I inched back toward the batter’s box with the confidence of a baby deer on roller skates.
The second pitch—strike two. No chance at a walk now. My eyes filled with tears. I couldn’t cry, not before striking out.
I glanced at my coach. He made a swinging motion with his hands, smiled, and said, “I believe in you. But you’ve got to swing the bat.”
I looked up to the stands and found my dad’s eyes. He smiled—encouraging but pained—the look of a parent who wishes they could step in and save their kid from the heartbreak that’s about to come.
“You have to swing,” I whispered to myself.
The pitcher wound up. The crowd roared. The world slowed. I saw the ball clear as day. My heart pounded.

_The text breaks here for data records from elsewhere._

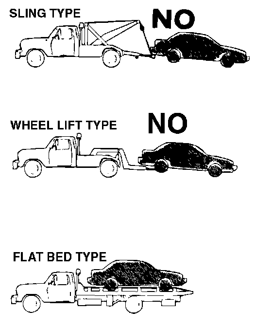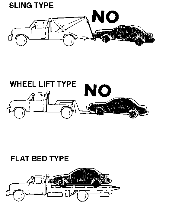 - If this vehicle is towed, use flat bed equipment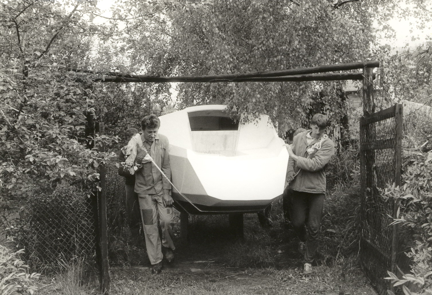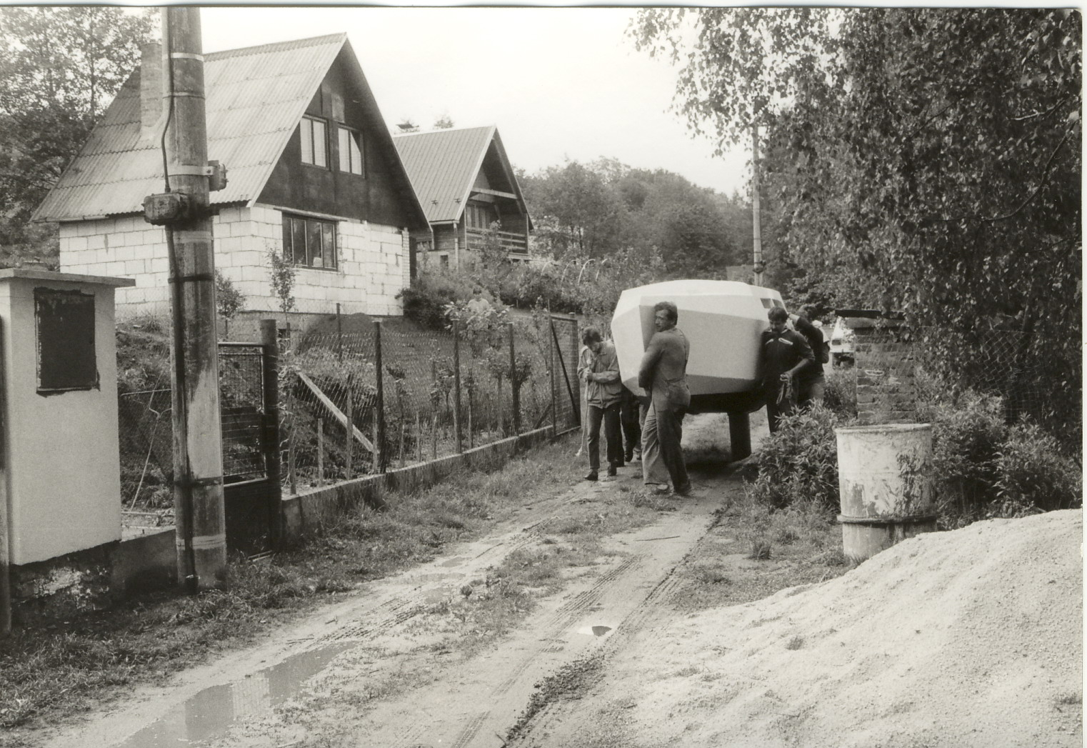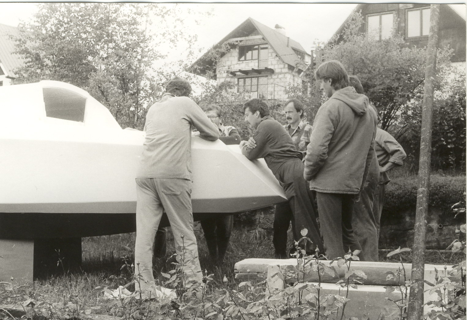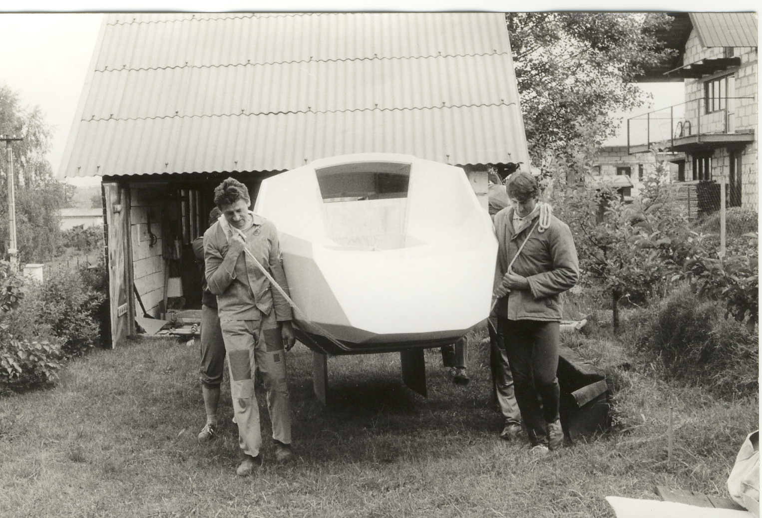 Svoji první loď, dvoukýlovou 5,5 metru dlouhou kajutovou plachetnici jsem začal stavět ve sklepě paneláku. Bylo tam teplo i v zimě, prostor byl velký, jen jsem byl limitován dveřmi 120 cm. Vyrobil jsem tak přes zimu všechny přepážky, kýly, kormidlo, díly interieru, kování..vše co se dalo vynést po schodech ven. Brzy na jaře jsme s bráchou na jeho pozemku za 3 měsíce postavili hrubou stavbu chaty 6x6 metrů z tvárnic, přízemí zatím bez přepážek, nahoře si brácha dodělal podkroví. Místo jedné stěny byly provizorní vrata, když bylo teplo vyvážel jsem rozestavěnou loď na podvozku ven.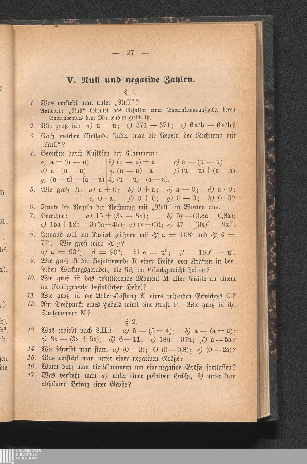 1 (1901) Einführung in die Buchstabenrechnung; die vier Grundoperationen einschließlich Potenzierung; Aufsuchen der Quadratwurzel und Kubikwurzel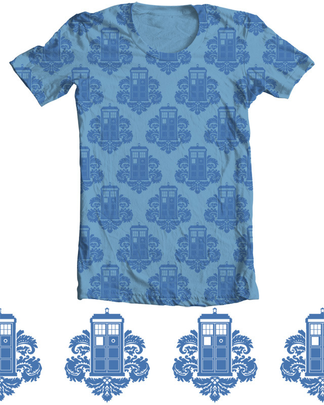 Artist Rosemary Travale recently created a Doctor Who / Damask style wallpaper and now it’s a shirt design up for voting over at Threadless!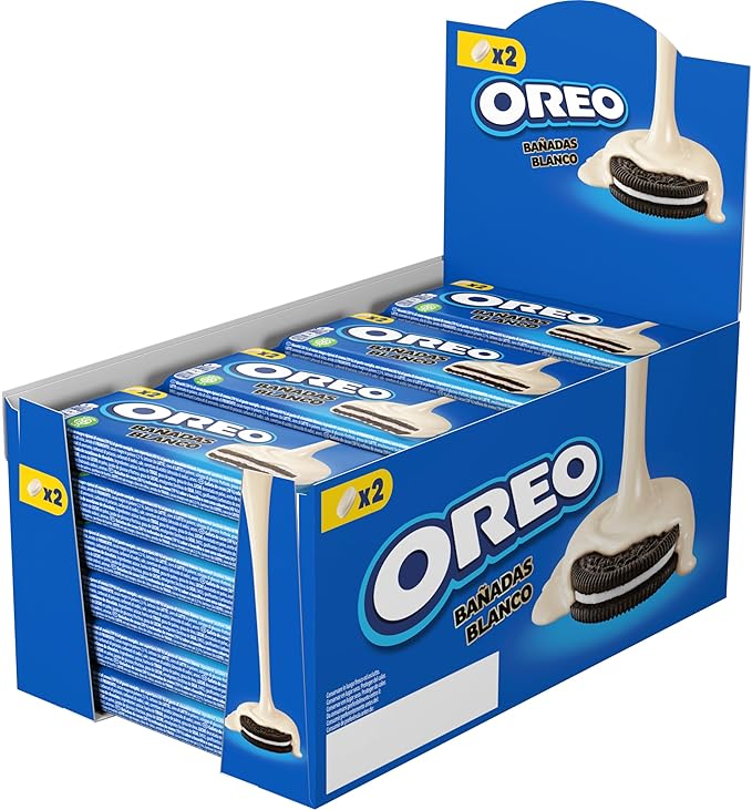 Descubre las irresistibles Oreos Bañadas, un delicioso sándwich de cacao crujiente relleno de suave crema de vainilla, todo bañado en una cremosa cobertura de chocolate blanco.

I cocked back, closed my eyes, and swung with everything I had.
Thwack!
The ball hit the catcher’s mitt—two feet above the strike zone. Strike three. Game over.
We lost by one run.
I dropped the bat. Silent tears ran down my face. A parent in the stands berated my coach: “We all know Tommy can’t hit! What were you thinking?”
I couldn’t face my teammates. My brother patted my back, my parents said nothing, and as we pulled out of the parking lot, my coach jogged up beside the car.

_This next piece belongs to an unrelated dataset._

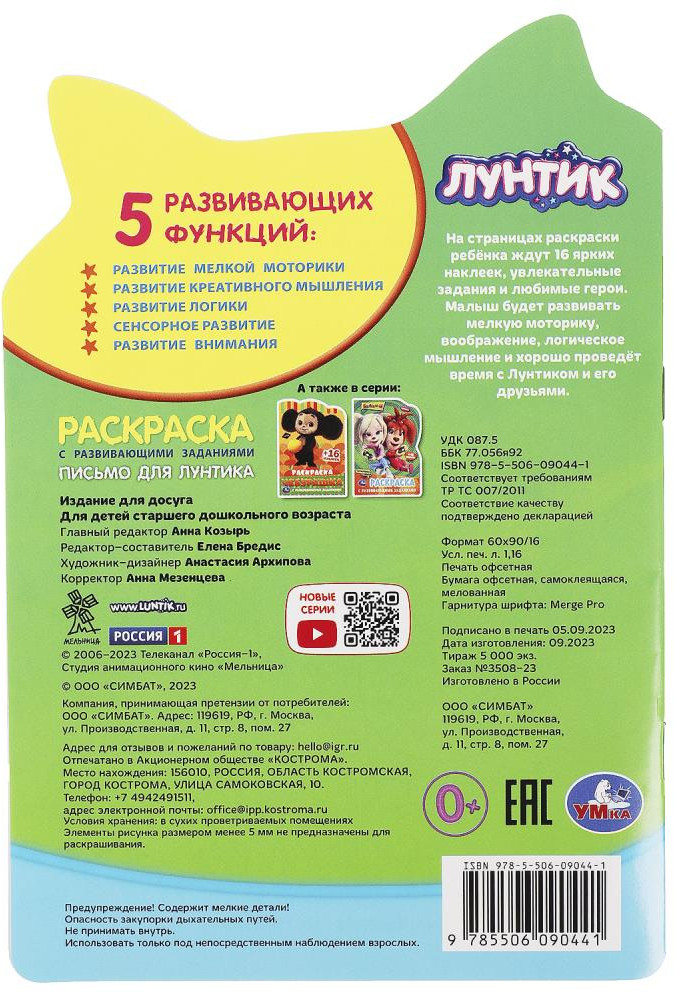 УМка Раскраска с наклейками «Письмо для Лунтика»-35% +6

“Way to swing, Tommy! We’ll get ’em next year,” he said with a grin.
That night I cried at the bottom of our neighborhood pool. I told my parents I was done with baseball forever.
Swing Away
Years later, as a youth sports coach and camp director, I often think about Coach Patterson. I have no idea where he is today, and he surely doesn’t remember that game. But I do.
I think about how different the story might have been if he’d taken me out—if he’d told me, no, you’re right, you can’t do this. Instead, he believed in me when I didn’t believe in myself.
That simple act—his refusal to save me from failure—has shaped the way I coach, lead, and parent. Kids need adults who tell them, “You can do this,” even when the odds are long.
When I tell this story around the campfire, the kids always expect a Hollywood ending. They want the home run, the cheering crowd, the redemption. But life doesn’t always play out that way.
I struck out. We lost.
But I gained something better.
Coach Patterson gave me a gift I’ve carried ever since: the courage to take the swing.
And every time I see a camper face their own fear—a first backpacking trip, a whitewater rapid, a night under the stars—I think of that sixth-grade moment.
Because sometimes the bravest thing we can do is simply pick up the bat, step into the box, and swing away.
Afterword
The next spring, my parents (annoyingly) made me play again. First game of the new season, ninth in the order, first at-bat. I told myself the same thing: Just go down swinging.
The pitch came in. I swung.
Thwack!
The ball soared over the outfielders’ heads and rolled to the fence. My dad yelled, “RUN!” as I stood frozen at home plate, stunned.
When I reached second base, my teammates erupted. My dad hugged Coach Patterson on the sideline. And afterward, my mom handed me a Twinkie and a Capri Sun.
Turns out, it was the sweetest hit I ever had.